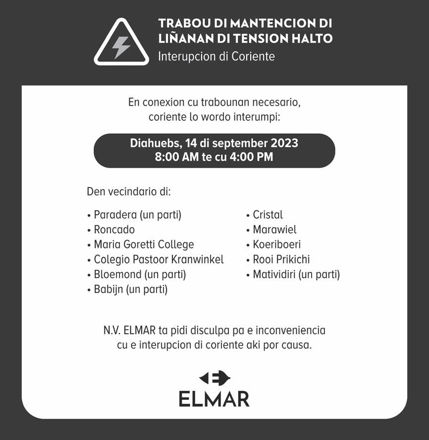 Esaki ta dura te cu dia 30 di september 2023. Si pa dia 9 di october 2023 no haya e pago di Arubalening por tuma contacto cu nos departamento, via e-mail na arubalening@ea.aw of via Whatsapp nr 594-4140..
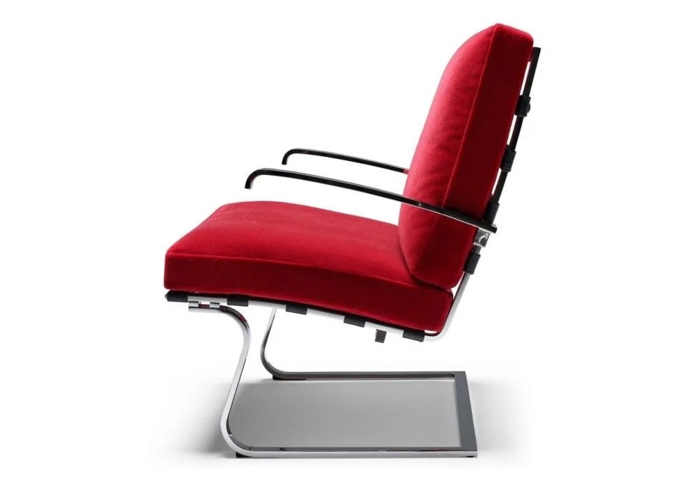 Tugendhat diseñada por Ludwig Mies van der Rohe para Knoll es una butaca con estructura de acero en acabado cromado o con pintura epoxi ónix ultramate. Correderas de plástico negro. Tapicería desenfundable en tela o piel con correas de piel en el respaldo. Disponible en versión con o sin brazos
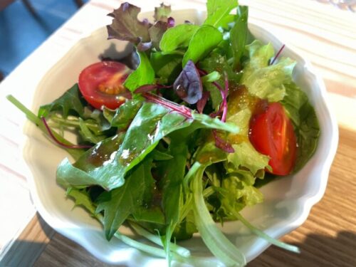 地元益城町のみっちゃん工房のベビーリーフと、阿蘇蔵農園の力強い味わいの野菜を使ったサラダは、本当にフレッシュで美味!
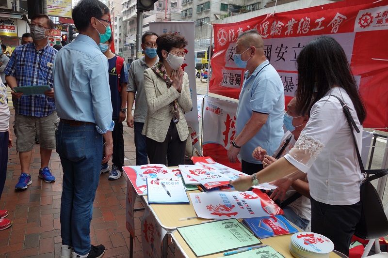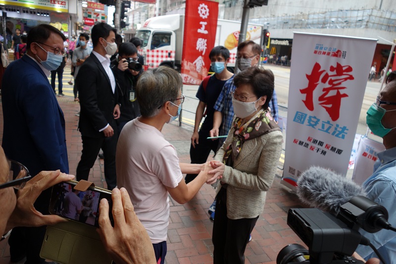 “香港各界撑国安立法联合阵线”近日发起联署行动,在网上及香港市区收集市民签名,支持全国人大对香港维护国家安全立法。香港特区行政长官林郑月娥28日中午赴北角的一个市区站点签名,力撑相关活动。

....

**Problem**:
Leaving the pictures out, copy exactly the lines from the line that contains "地元益城町のみっちゃん工房の" to the last line of the data, both ends included.

**Response for this exercise**:
 地元益城町のみっちゃん工房のベビーリーフと、阿蘇蔵農園の力強い味わいの野菜を使ったサラダは、本当にフレッシュで美味!
 “香港各界撑国安立法联合阵线”近日发起联署行动,在网上及香港市区收集市民签名,支持全国人大对香港维护国家安全立法。香港特区行政长官林郑月娥28日中午赴北角的一个市区站点签名,力撑相关活动。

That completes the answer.